## ASSIGNED TASK:
Range to repeat from the listing below: the line containing "ball display case." down to the line containing "得力(deli)三层镂空收纳", both included. Copy it exactly, pictures excluded, and add nothing else.
Start of DATA EXCERPTS
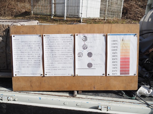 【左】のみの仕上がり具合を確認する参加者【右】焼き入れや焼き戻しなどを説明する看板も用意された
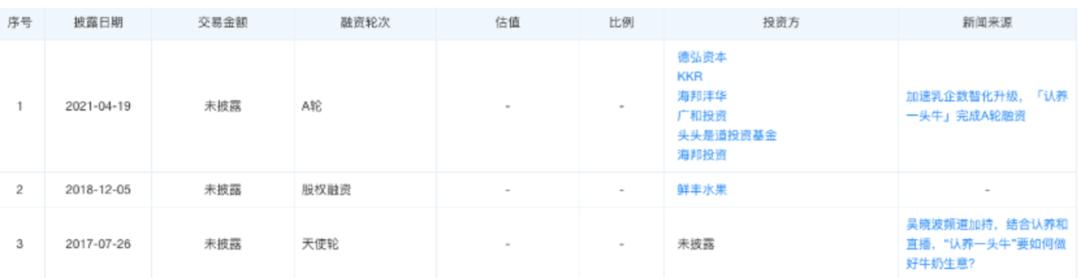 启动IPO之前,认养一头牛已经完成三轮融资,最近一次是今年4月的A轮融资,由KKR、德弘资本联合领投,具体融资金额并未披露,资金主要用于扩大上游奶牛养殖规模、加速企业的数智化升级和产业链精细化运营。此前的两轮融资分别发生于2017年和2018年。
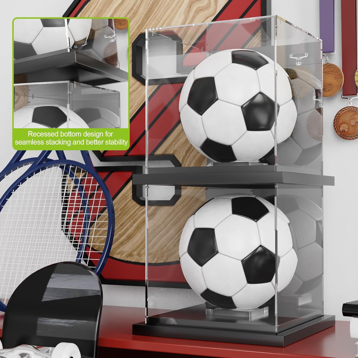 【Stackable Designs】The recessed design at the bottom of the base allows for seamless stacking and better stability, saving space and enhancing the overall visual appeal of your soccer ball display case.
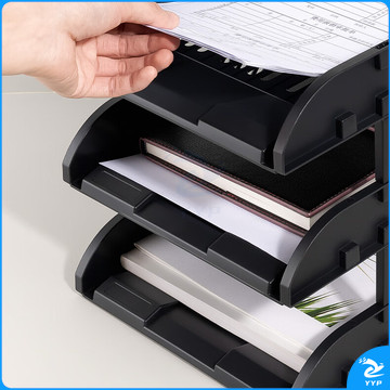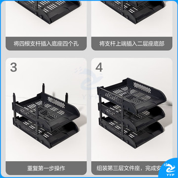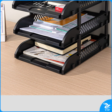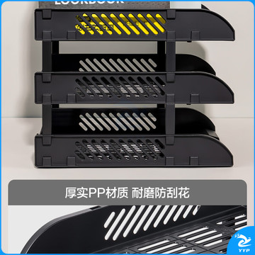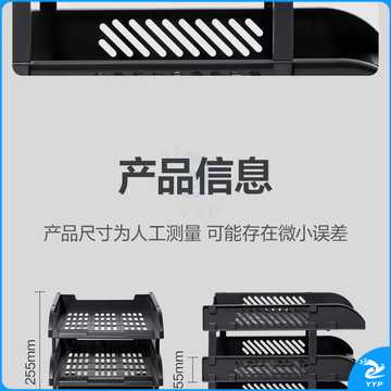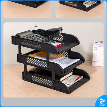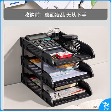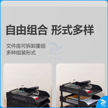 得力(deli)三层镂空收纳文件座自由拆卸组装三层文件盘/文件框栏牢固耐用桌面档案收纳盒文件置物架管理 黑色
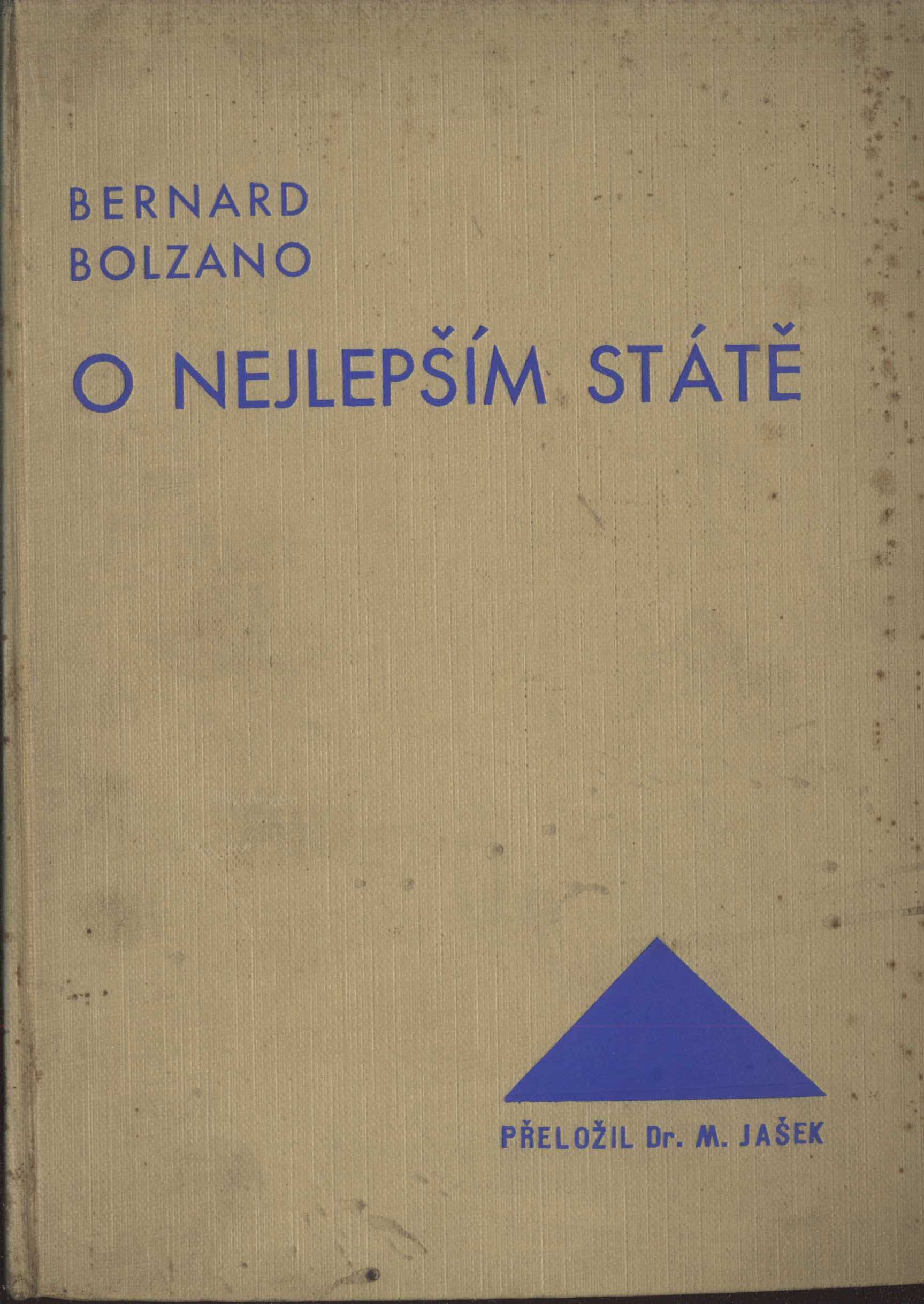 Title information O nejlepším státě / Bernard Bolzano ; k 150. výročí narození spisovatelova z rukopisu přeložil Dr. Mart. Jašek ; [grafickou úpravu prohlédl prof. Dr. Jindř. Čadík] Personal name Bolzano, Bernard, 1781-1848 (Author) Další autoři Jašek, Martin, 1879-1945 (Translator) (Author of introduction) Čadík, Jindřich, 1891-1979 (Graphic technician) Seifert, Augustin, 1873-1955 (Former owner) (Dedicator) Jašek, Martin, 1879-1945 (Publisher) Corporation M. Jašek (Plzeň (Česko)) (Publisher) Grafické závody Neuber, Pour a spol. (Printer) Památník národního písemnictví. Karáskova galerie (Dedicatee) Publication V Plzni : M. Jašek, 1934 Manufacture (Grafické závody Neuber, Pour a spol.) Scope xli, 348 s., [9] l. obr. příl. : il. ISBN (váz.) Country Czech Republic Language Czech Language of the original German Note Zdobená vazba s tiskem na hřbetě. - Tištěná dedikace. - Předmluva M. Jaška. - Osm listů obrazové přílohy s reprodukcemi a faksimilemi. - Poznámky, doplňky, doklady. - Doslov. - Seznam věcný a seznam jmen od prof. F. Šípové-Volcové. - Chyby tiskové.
End of DATA EXCERPTS
## RESULT:
 【Stackable Designs】The recessed design at the bottom of the base allows for seamless stacking and better stability, saving space and enhancing the overall visual appeal of your soccer ball display case.
 得力(deli)三层镂空收纳文件座自由拆卸组装三层文件盘/文件框栏牢固耐用桌面档案收纳盒文件置物架管理 黑色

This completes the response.